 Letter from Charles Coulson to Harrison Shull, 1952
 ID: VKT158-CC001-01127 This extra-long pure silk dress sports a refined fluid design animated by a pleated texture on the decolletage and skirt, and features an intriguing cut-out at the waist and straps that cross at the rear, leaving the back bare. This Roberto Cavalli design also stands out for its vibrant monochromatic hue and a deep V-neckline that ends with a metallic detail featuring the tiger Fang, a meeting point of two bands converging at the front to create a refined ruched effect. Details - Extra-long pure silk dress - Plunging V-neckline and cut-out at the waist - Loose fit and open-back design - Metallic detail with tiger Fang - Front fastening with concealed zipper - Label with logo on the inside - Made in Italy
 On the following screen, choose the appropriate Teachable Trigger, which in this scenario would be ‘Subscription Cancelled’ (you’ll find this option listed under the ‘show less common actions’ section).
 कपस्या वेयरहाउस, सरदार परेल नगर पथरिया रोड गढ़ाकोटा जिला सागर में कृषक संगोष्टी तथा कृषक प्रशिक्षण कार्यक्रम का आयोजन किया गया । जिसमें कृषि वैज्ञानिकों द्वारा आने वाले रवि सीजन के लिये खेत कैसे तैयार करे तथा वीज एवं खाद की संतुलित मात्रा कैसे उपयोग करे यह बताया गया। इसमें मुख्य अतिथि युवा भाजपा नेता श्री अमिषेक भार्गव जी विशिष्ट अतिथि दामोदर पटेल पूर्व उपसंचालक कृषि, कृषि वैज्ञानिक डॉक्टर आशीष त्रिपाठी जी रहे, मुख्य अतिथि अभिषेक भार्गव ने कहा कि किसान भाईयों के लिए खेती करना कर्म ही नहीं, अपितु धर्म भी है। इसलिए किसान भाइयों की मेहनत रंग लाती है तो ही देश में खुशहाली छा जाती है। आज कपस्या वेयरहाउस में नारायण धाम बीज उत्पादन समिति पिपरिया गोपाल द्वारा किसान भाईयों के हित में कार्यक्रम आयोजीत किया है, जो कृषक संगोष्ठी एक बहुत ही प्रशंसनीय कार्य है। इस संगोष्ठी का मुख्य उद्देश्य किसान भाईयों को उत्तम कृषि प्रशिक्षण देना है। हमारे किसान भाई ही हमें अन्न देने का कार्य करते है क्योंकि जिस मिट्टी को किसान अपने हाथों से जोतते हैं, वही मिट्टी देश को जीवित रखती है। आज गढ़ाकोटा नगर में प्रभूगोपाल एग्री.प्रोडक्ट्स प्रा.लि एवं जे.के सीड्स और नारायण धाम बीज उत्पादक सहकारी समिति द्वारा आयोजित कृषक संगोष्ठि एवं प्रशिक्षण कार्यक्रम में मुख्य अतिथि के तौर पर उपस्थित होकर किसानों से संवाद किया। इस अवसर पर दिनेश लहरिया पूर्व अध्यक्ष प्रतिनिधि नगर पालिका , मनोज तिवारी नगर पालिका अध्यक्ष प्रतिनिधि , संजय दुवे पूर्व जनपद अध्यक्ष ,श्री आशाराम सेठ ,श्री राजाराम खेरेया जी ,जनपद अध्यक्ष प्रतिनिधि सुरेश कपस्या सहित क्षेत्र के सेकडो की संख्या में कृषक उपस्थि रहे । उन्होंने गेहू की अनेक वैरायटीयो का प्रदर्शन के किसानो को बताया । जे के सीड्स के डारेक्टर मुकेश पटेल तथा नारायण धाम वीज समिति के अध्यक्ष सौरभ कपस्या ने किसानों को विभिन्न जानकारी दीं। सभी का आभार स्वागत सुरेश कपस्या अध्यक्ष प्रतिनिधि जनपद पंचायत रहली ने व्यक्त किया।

==============================

Task objective: Make an exact copy of the whole listing, so that no line is lost.

Answer section:
 Letter from Charles Coulson to Harrison Shull, 1952
 ID: VKT158-CC001-01127 This extra-long pure silk dress sports a refined fluid design animated by a pleated texture on the decolletage and skirt, and features an intriguing cut-out at the waist and straps that cross at the rear, leaving the back bare. This Roberto Cavalli design also stands out for its vibrant monochromatic hue and a deep V-neckline that ends with a metallic detail featuring the tiger Fang, a meeting point of two bands converging at the front to create a refined ruched effect. Details - Extra-long pure silk dress - Plunging V-neckline and cut-out at the waist - Loose fit and open-back design - Metallic detail with tiger Fang - Front fastening with concealed zipper - Label with logo on the inside - Made in Italy
 On the following screen, choose the appropriate Teachable Trigger, which in this scenario would be ‘Subscription Cancelled’ (you’ll find this option listed under the ‘show less common actions’ section).
 कपस्या वेयरहाउस, सरदार परेल नगर पथरिया रोड गढ़ाकोटा जिला सागर में कृषक संगोष्टी तथा कृषक प्रशिक्षण कार्यक्रम का आयोजन किया गया । जिसमें कृषि वैज्ञानिकों द्वारा आने वाले रवि सीजन के लिये खेत कैसे तैयार करे तथा वीज एवं खाद की संतुलित मात्रा कैसे उपयोग करे यह बताया गया। इसमें मुख्य अतिथि युवा भाजपा नेता श्री अमिषेक भार्गव जी विशिष्ट अतिथि दामोदर पटेल पूर्व उपसंचालक कृषि, कृषि वैज्ञानिक डॉक्टर आशीष त्रिपाठी जी रहे, मुख्य अतिथि अभिषेक भार्गव ने कहा कि किसान भाईयों के लिए खेती करना कर्म ही नहीं, अपितु धर्म भी है। इसलिए किसान भाइयों की मेहनत रंग लाती है तो ही देश में खुशहाली छा जाती है। आज कपस्या वेयरहाउस में नारायण धाम बीज उत्पादन समिति पिपरिया गोपाल द्वारा किसान भाईयों के हित में कार्यक्रम आयोजीत किया है, जो कृषक संगोष्ठी एक बहुत ही प्रशंसनीय कार्य है। इस संगोष्ठी का मुख्य उद्देश्य किसान भाईयों को उत्तम कृषि प्रशिक्षण देना है। हमारे किसान भाई ही हमें अन्न देने का कार्य करते है क्योंकि जिस मिट्टी को किसान अपने हाथों से जोतते हैं, वही मिट्टी देश को जीवित रखती है। आज गढ़ाकोटा नगर में प्रभूगोपाल एग्री.प्रोडक्ट्स प्रा.लि एवं जे.के सीड्स और नारायण धाम बीज उत्पादक सहकारी समिति द्वारा आयोजित कृषक संगोष्ठि एवं प्रशिक्षण कार्यक्रम में मुख्य अतिथि के तौर पर उपस्थित होकर किसानों से संवाद किया। इस अवसर पर दिनेश लहरिया पूर्व अध्यक्ष प्रतिनिधि नगर पालिका , मनोज तिवारी नगर पालिका अध्यक्ष प्रतिनिधि , संजय दुवे पूर्व जनपद अध्यक्ष ,श्री आशाराम सेठ ,श्री राजाराम खेरेया जी ,जनपद अध्यक्ष प्रतिनिधि सुरेश कपस्या सहित क्षेत्र के सेकडो की संख्या में कृषक उपस्थि रहे । उन्होंने गेहू की अनेक वैरायटीयो का प्रदर्शन के किसानो को बताया । जे के सीड्स के डारेक्टर मुकेश पटेल तथा नारायण धाम वीज समिति के अध्यक्ष सौरभ कपस्या ने किसानों को विभिन्न जानकारी दीं। सभी का आभार स्वागत सुरेश कपस्या अध्यक्ष प्रतिनिधि जनपद पंचायत रहली ने व्यक्त किया।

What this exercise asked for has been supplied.